Regular-article-logo Wednesday, 07 June 2023

A Roman thanksgiving in Darjeeling

126 years on, gift for the hill town whose tea was served in Rome's Babington’s Tea Rooms

Vivek Chhetri Darjeeling Published 11.07.19, 02:02 AM
Babington’s Tea Rooms

Babington’s Tea Rooms (Flickr)

Debts of gratitude from places as far apart as Rome and Siliguri have blended in Darjeeling to serve up the possibility of a restaurant that will be run by the young.

The plan for the restaurant was announced in Darjeeling on Wednesday when a businessman addressed students who had been handed certificates after being trained for three months to be multi-cuisine chefs and general duty assistants (nurses).


It was the latest serendipitous milestone in a long chain of events dating back to the Elizabethan age and laced with love, loss, palace intrigue and merciless retribution. Possibly unknown to itself, Darjeeling was swept up into the tide of seemingly unrelated occurrences in Rome 126 years ago, in 1893.

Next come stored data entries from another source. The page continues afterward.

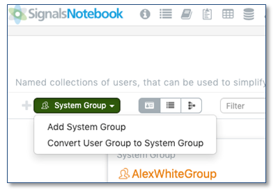 El sistema ahora también diferencia entre los grupos del sistema, utilizados para la seguridad y para compartir las plantillas del sistema y las plantillas de tabla, y los grupos de usuarios creados por los usuarios finales. Solo los grupos del sistema pueden usarse con fines administrativos. Todos los grupos del sistema se comparten con privilegios de edición con todos los miembros del grupo de administradores del sistema, lo que permite a todos los administradores del sistema ver y modificar los grupos del sistema. El administrador del sistema también puede promover un grupo de usuarios existente para que se convierta en un grupo del sistema si es necesario.
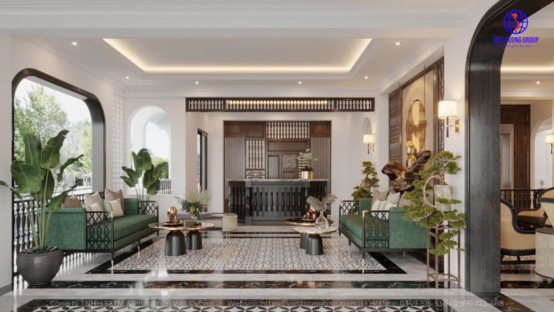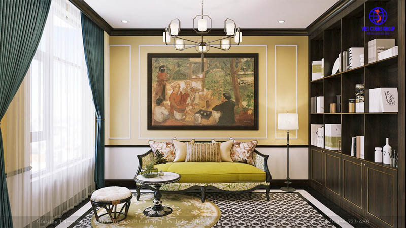 Phòng khách: Không gian phòng khách Indochine thường mang vẻ đẹp sang trọng, ấm cúng với bộ bàn ghế gỗ chạm trổ, bình phong, tranh Đông Hồ và các chi tiết trang trí bằng đồng.
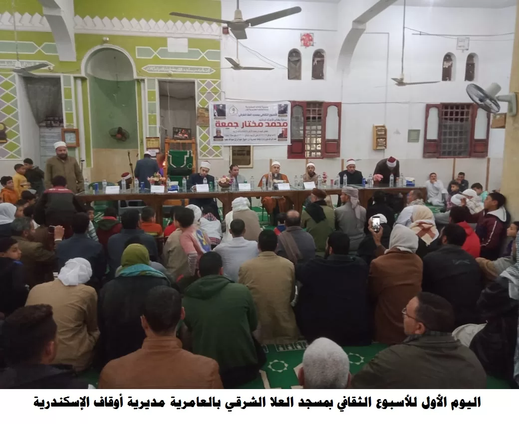 ففي مديرية أوقاف الإسكندرية أقيم الأسبوع الثقافي بمسجد العلا الشرقي بالعامرية، حاضر فيه د/ علي نوح شعبان خلف الله مدرس مساعد بكلية اللغة العربية بالقاهرة، والشيخ/ عبد الله عادل الصاوي إمام وخطيب ومدرس، والقارئ الشيخ/ عبد الرازق عبد الله طليب قارئا، والمبتهل الشيخ/ حسن محمد حسن مبتهلًا، بحضور الشيخ/ عبد الرازق عبد الله عبد الرازق مدير إدارة أوقاف العامرية، وجمع غفير من رواد المسجد.
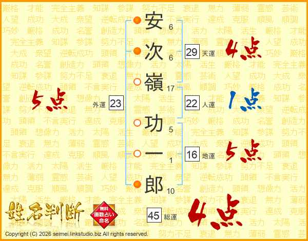 安(6画)次(6画)嶺(17画) 功(5画)一(1画)郎(10画)
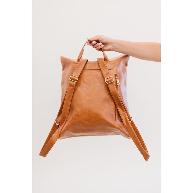 The Reese features adjustable backpack straps and a top handle for a quick grab. It has two exterior pockets (one front and one back) and three interior pockets.
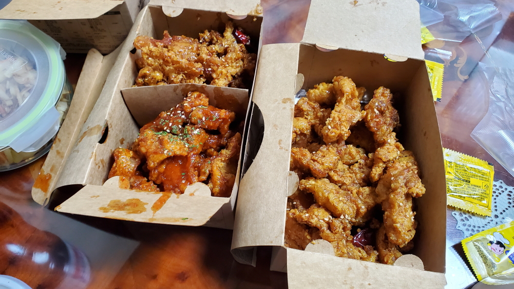 아무래도 치킨 리뷰 같은 경우는 맛이나 가격이 가장 궁금하죠? 가격은 보통적인 프랜차이즈 치킨 가격이 맞고요. 치킨은 맛있습니다. 저는 개인적으로 깐풍치킨이 정말로 맛있더군요. 후라이드도 맛있기는 했지만 저는 깐풍 치킨이 더 맛있었어요. 부모님이나 아내 같은 경우는 오히려 후라이드 치킨이 더 맛있다고 하더군요. 오늘 저녁에 야식으로 치킨이 어떠신가요? 강추합니다.
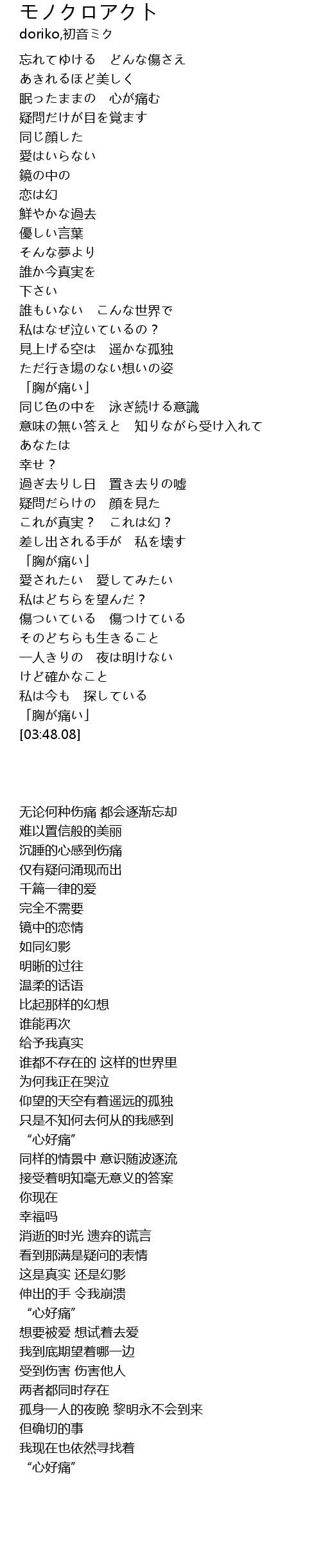 | [02:02.32] | 過ぎ去りし日 置き去りの嘘 |

That was the year Babington’s Tea Rooms, one of several iconic teahouses in Rome, opened at Via Due Macelli. The first tea it served was Darjeeling Tea.

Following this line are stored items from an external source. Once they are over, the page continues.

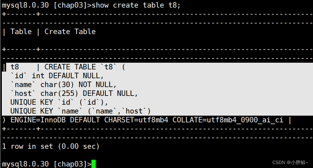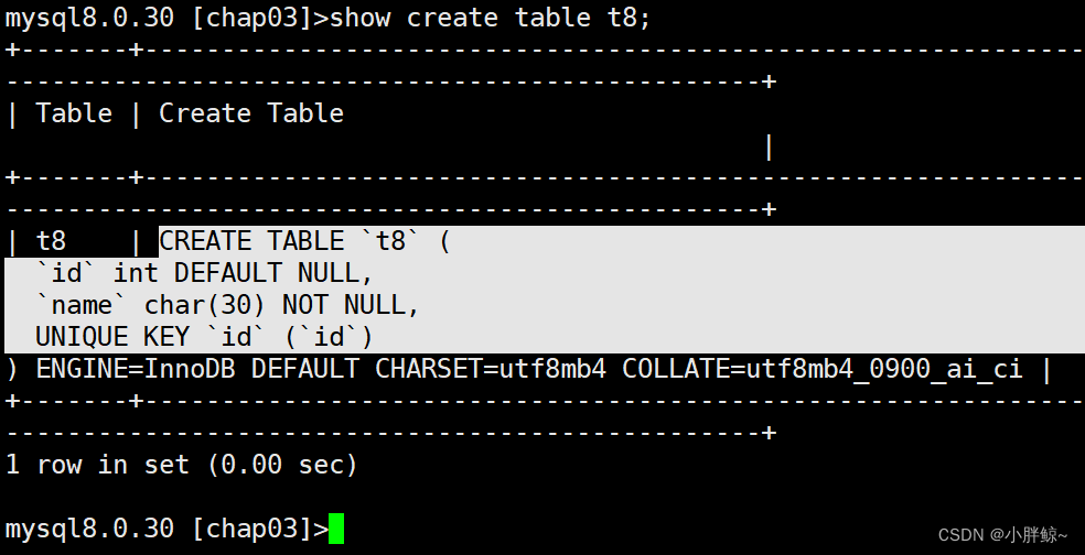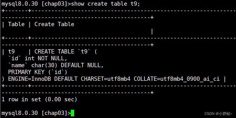 mysql8.0.30 [chap03]>show create table chap03.t1;
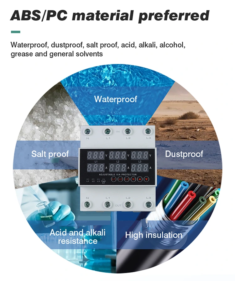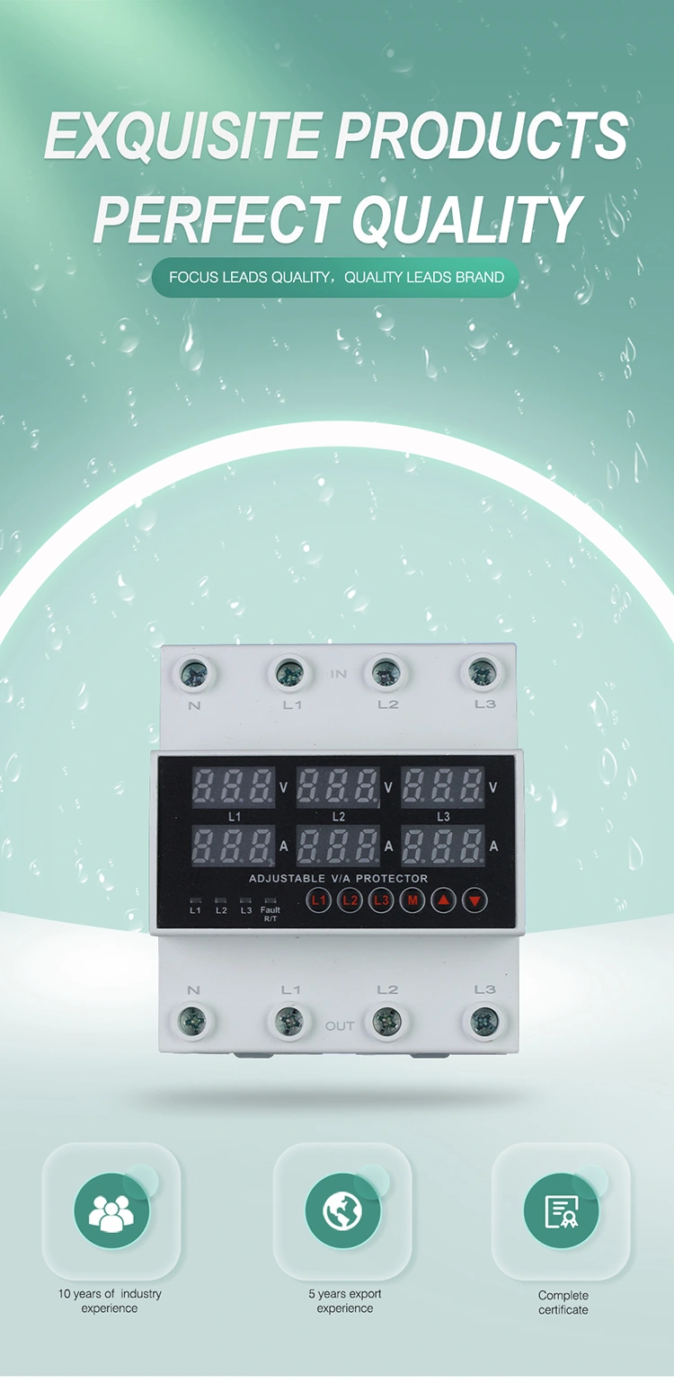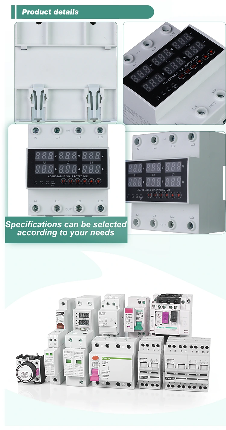 CHVP 4 極三相電圧保護リレーは、電気機器をサージ電圧から保護するための、単相 AC ネットワーク用のマイクロプロセッサベースの電圧監視デバイスです。このデバイスは主電圧を分析し、その電流値をデジタルインジケーターに表示します。電磁リレーにより負荷を開閉します。ユーザーはボタンを使用して現在の電圧値と遅延時間を設定できます。値は不揮発性メモリに保存されます。接続にはアルミ線や銅線が使用できます。
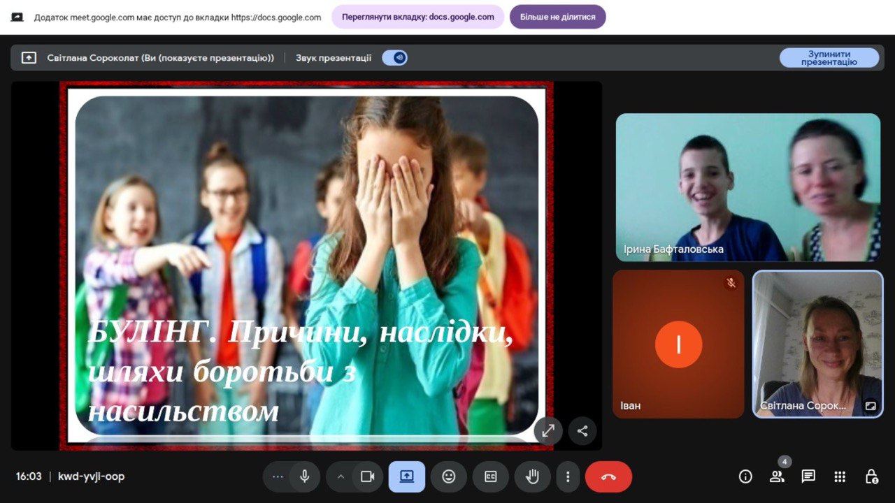познайомив здобувачів освіти з явищем онлайн-грумінгу, його ознаками і наслідками, а також допоміг усвідомити учням як можна вберегти себе від цього небезпечного виду булінгу. Під час заходів учасники освітнього процесу здійснювали аналіз власного емоційного стану та
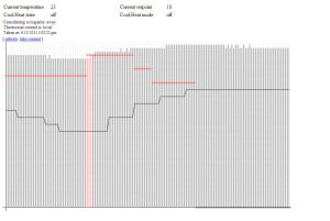 [update 2011/06/13] Here’s a screenshot of the work-in-progress webpage that provides current state and historical information about the thermostat. The graph also represents my first foray into the HTML5 canvas tag.
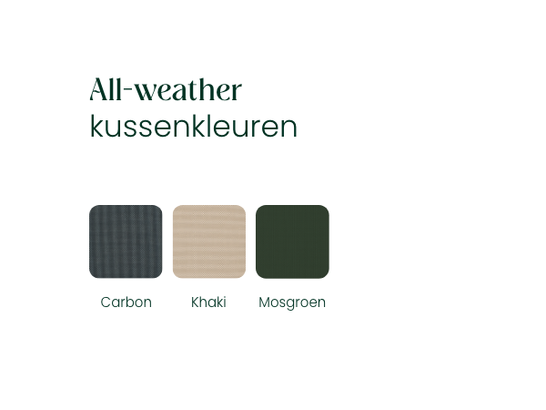 Dankzij hun weerbestendige en waterdoorlatende eigenschappen kunnen All-weather Textileen kussens in alle seizoenen buiten blijven liggen. Zo blijft je set aangekleed en gebruiksklaar – elk moment van het jaar.
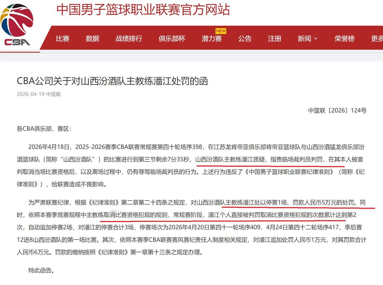 潘江措手不及! 谁能料到,CBA常规赛收官关键阶段,山西队主帅潘江竟自乱阵脚,给自己和球队惹来了大麻烦!CBA官方一纸罚单猝然落地,潘江因辱骂裁判员,被合计停赛3场、罚款6万元,这波操作不仅让他本人措手不及,更给山西队的季后赛征程蒙上了一层挥之不去的阴霾,简直是得不偿失、悔不当初。 事情的来龙去脉其实很简单,在CBA常规赛第四十轮山西对阵江苏的比赛中,潘江因不满临场裁判员的判罚,当场质疑、指责裁判,情绪失控之下被驱逐出场。可他非但没有收敛,反而在离场过程中变本加厉,公然辱骂裁判员,这般目无规矩、我行我素的行为,无疑是顶风作案,也彻底触怒了CBA官方。 据悉,这张罚单并非凭空而来,而是多重处罚叠加的结果,潘江本赛季已是第二次被判取消比赛资格犯规,自动追加停赛,再加上辱骂裁判的违规行为和赛风赛纪责任人的连带责任,最终落得停赛3场、罚款6万的下场,可谓咎由自取。要知道,这3场停赛里,还包含了季后赛12进8的首场关键战,对本就岌岌可危的山西队来说,无疑是雪上加霜。 如今的山西队,战绩起伏不定,正处在季后赛边缘苦苦挣扎,潘江作为球队的战术核心和临场指挥官,他的缺席无疑是釜底抽薪。没有主帅坐镇,球队的战术部署、临场调整、情绪调动都将大打折扣,助理教练临时接手,能否稳住军心、力挽狂澜,还是个未知数。 潘江此番冲动之举,真是因小失大、追悔莫及,不仅自己身败名裂,还拖累了整个球队。CBA近年来一直严抓赛风赛纪,零容忍违规行为,潘江显然是明知故犯、执迷不悟。希望他能痛定思痛、引以为戒,也希望山西队能临危不乱,尽快调整状态,别让一场不该有的风波,毁掉整个赛季的努力。

That nugget of information was passed on from generation to generation and reached Chiara Bedini, the fourth-generation owner of Babington’s.

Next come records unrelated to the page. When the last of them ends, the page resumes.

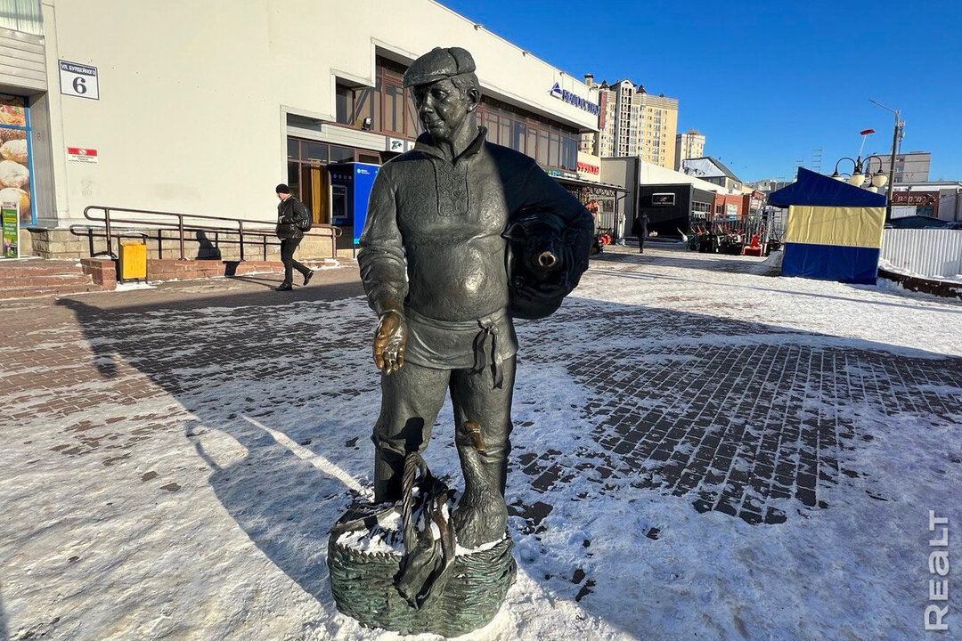 1949Скульптуру «Торговец арбузами» поставили на минском рынке «Заходні». Теперь рядом стоят два «торговца» — тот, что продает арбузы, и Дядька Антось, который появился здесь еще в декабре 2013 года.
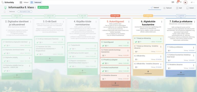 Õpetaja Välile ja tema õpilastele meeldib, et Schoolaby platvormil paigutatakse kõik õpitavad teemad ühele pikale ajateljele. See on väga ülevaatlik. Kursuse jooksul õpitavad peatükid, mida nimetatakse verstapostideks, paiknevad sellel pikal ajateljel. Õpetaja saab neid verstaposte kursuse käigus juurde lisada või vajadusel õppija vaatest peita.
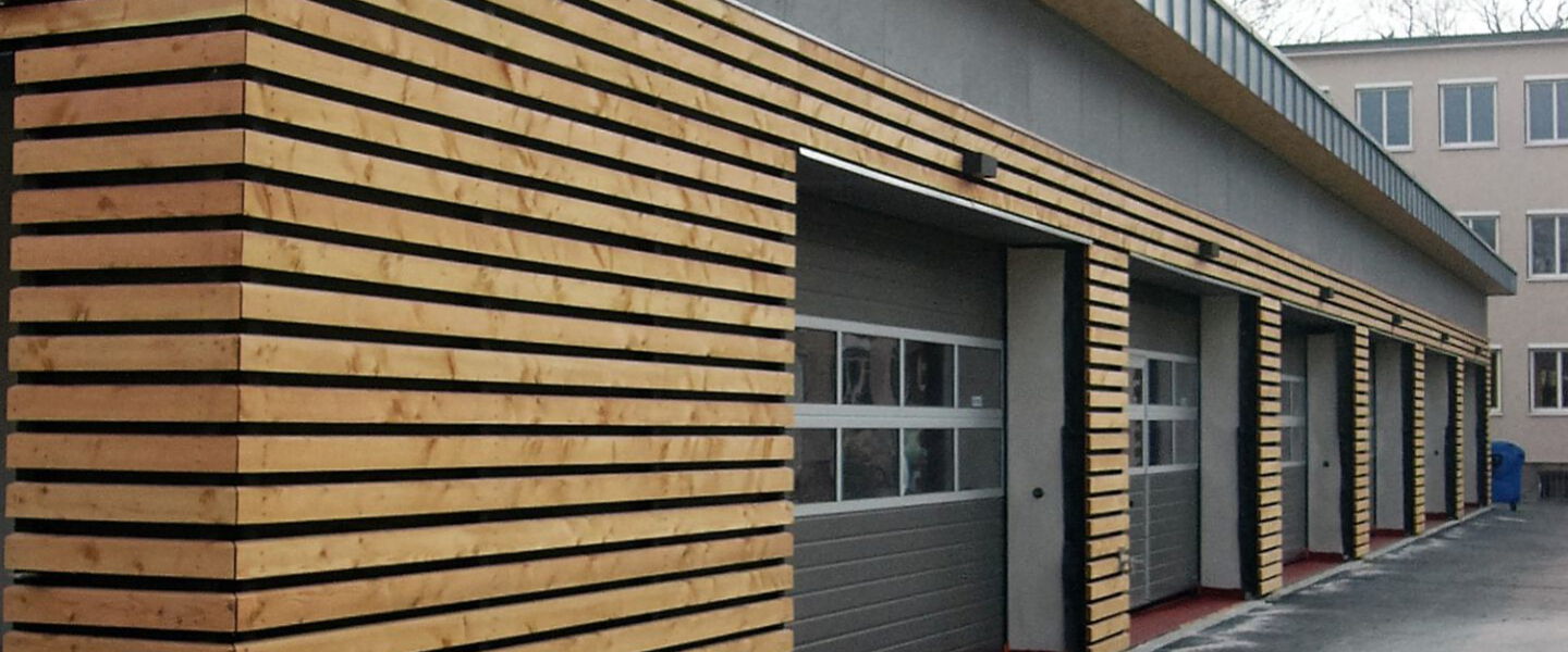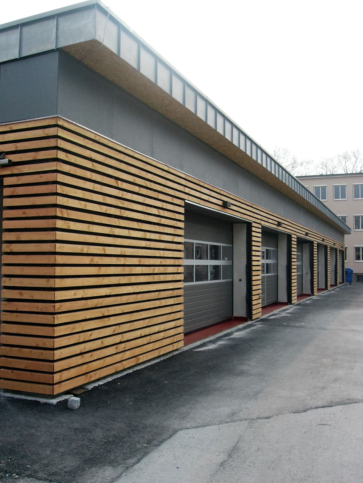 Als Ersatz für das baufällige Garagengebäude aus der Entstehungszeit ist an gleicher Stelle ein Neubau mit Waschhalle errichtet worden, in welchem die Vermessungs- und Dienstfahrzeuge untergestellt werden.

A year ago to date, Bedini met Anneysha Ghosh, director of Hausos Ventures, a Hyderabad-based consultancy, through a common friend. The meeting on July 10, 2018, in Rome discussed a collaboration to impart skill-development training to youths in Darjeeling.

The idea of skill-development courses on multi-cuisine chefs and nurses in Darjeeling germinated at that meeting. The course was funded by Bedini, who wanted to give back something to the hill station whose celebrated tea had been served at Babington’s.

“My great-great-grandmother, Isabel Cargill, and her friend (Anna Maria Babington) came to Rome and started Babington’s Tea Rooms in 1893. The first tea they served was Darjeeling Tea,” Bedini said on Wednesday in Darjeeling, where she had come to hand over certificates to students who had completed the skill-development courses.

Heartbreak had brought Isabel to Rome. Isabel, whose father founded the city of Dunedin in New Zealand according to the Babington’s website, had travelled all the way to England to marry the man she loved but was spurned. She then went to Rome with Anna Maria, a descendent of Anthony Babington, who was hanged for plotting against Queen Elizabeth I.

Chiara Bedini, the owner of Babington’s Tea Rooms, hands over a certificate at the valediction ceremony in Darjeeling on Wednesday as consultant 
Anneysha Ghosh (second from left) looks on

Chiara Bedini, the owner of Babington’s Tea Rooms, hands over a certificate at the valediction ceremony in Darjeeling on Wednesday as consultant Anneysha Ghosh (second from left) looks on Telegraph picture

The two friends pooled in £100 and started Babington’s Tea Rooms at Via Due Macelli where the flourishing English community would sip tea and read newspapers.

The venture was a success and within a year the teahouse moved to Piazza di Spagna at the foot of the Spanish Steps near the fountain of Bernini.

“Tea was then only available in pharmacies and sold as medicine,” said Bedini.

Bedini said she and Ghosh worked on a plan to collaborate with the Confederation of Indian Industries (CII) to impart skill-development training to youths from Darjeeling.

In a year, 50 students were selected and trained for three months to become multi-cuisine chefs and nurses. Many of the students have already received offers to work as trainees at restaurants.

Naresh Agarwal, a former CII chairman who was at the validation ceremony along with Bedini and Ghosh, told the students in his address to form a group of 10 or 12 and set up a multi-cuisine restaurant in Darjeeling, which he promised to fund.

“I am from Darjeeling and am settled in Siliguri. I want to give back something to my place,” said Agarwal.

“The restaurant will be named Bedini’s Multi-cuisine Restaurant,” he added.

Bedini, taken by surprise at the announcement, said: “As long as the restaurant also serves tea, it’s fine with me.”

The announcement by Agarwal comes at a time when Darjeeling’s own administration, the GTA, has for the past one year been sitting on a promise to build a skill-development centre that would have equipped local youths to launch initiatives similar to the proposed restaurant.

After a hills business meeting in Darjeeling in March 2018, the CII had approached the GTA to set up a multi-skill-development centre. Sources said the GTA had promised help and that a building had been identified for handover to the CII for the project.

But a year on, not much has moved. Sources said the CII would approach the new GTA chairman and principal secretary afresh.